The startup of the VUV-FEL is of great interest to the accelerator community. A main component of the 260-meter-long facility is a linear accelerator that uses superconducting radio-frequency technology, developed at DESY by the TESLA Collaboration from 1992 to 2004. The same technology is also at the heart of two even larger projects. By 2012, DESY and its international partners will build a 3.4-kilometer "FEL big brother," the European X-ray laser (XFEL). And the design of the approximately 40-kilometer-long International Linear Collider, a global project, features superconducting technology, too.
Petra Folkerts, DESY

Photo: Elizabeth Clements, Fermilab

Fermilab goes eBay
In need of a computer monitor? How about a forklift? Or maybe a sousaphone? If you are working for the US federal government or an approved agency, all this and more is available to your organization—for merely the cost of shipping a few boxes or a crate. The Web site GSAXcess.gov provides extensive listings of surplus items from various government facilities around the country, including Fermilab and other Department of Energy laboratories. "The program is like a flea market for the federal government," says Eric Mieland, of Fermilab's Environment, Safety & Health Section.

But if you need that sousaphone for your home, there is still hope. If there is no interest in the items at GSAXcess.gov, they become available for the general public to bid on, for example at gsaauctions.gov or at commercial Web sites. "If no one picks up items when they are listed on federal sites, we sell them on Bid4Assets (www.bid4assets.com) or eBay (www.ebay.com)," explains Jack Kelly, the manager of Fermilab's Property and Inventory Control Department. "We try to sell equipment before we recycle it, because it generates revenue for the lab."

Fermilab not only sells items on the Web, it also goes bargain hunting, sometimes procuring top-of-the-line equipment for little cost.

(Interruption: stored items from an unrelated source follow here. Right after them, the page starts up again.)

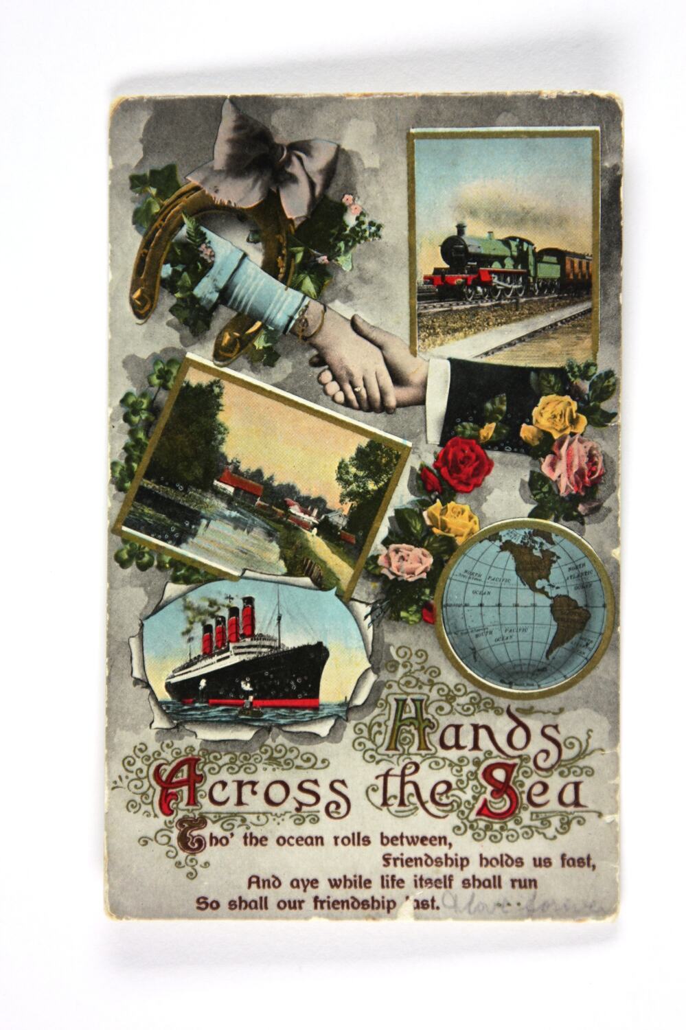 Postcard printed in full colour with drawn and photographic images in collage, symbolising connections between nations: a woman's hand extending through a horseshoe, shaking a man's hand; a steam train; an ocean liner; a English rural scene, a world globe showing south and north America; roses and foliage; and an embellished inscription. Printed on reverse with postcard proforma, over which is extensive hand-writing. The corners of the postcard are slightly curled; edges have losses throughout.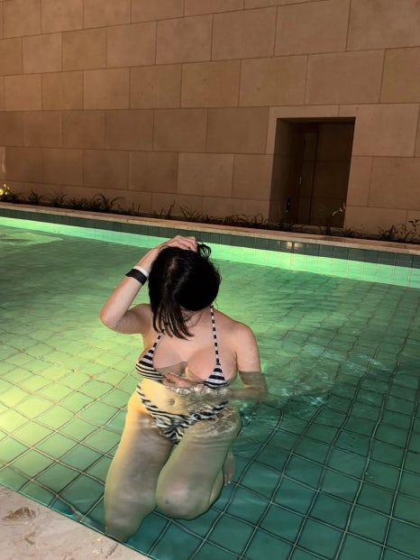 저녁에는 실내 풀에서 스트라이프 비키니로 분위기 전환을 했어요.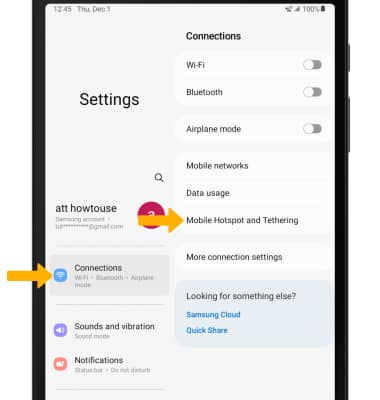2. Select Connections, then select Mobile Hotspot and Tethering.

Greg Sellberg of the Silicon Detector Facility's (SiDet) Micro Detector Assembly group is especially skilled at taking advantage of government surplus programs, acquiring about 90% of his equipment from them—and saving Fermilab countless dollars in the process. For example, Sellberg routinely pieces together test stations worth $100,000 with equipment he acquired for $35 in shipping costs. "I try to use government resources, especially taxpayer money, in the best possible way," Sellberg says, "and government surplus is a phenomenally good system for doing that."
Elizabeth Wade

Photo: Hwo-Shuenn Sheu, NSRRC

It's not just Charlotte's Web
The amazing properties of spider webs have fascinated scientists for years. Some of the mysteries of the spider's thread (such as the radii and spirals of threads produced by the Nephila pilips spider shown above) are unraveling through the use of synchrotron light sources. We now know that the remarkable thermal stability and the equatorial reflections of the spider's weavings are due to the crystals in the orb-web. These properties remain undiminished even over 100 degrees Celsius.

Perhaps an old Buddhist story from hundreds of years ago complements and enhances the scientific papers on this topic.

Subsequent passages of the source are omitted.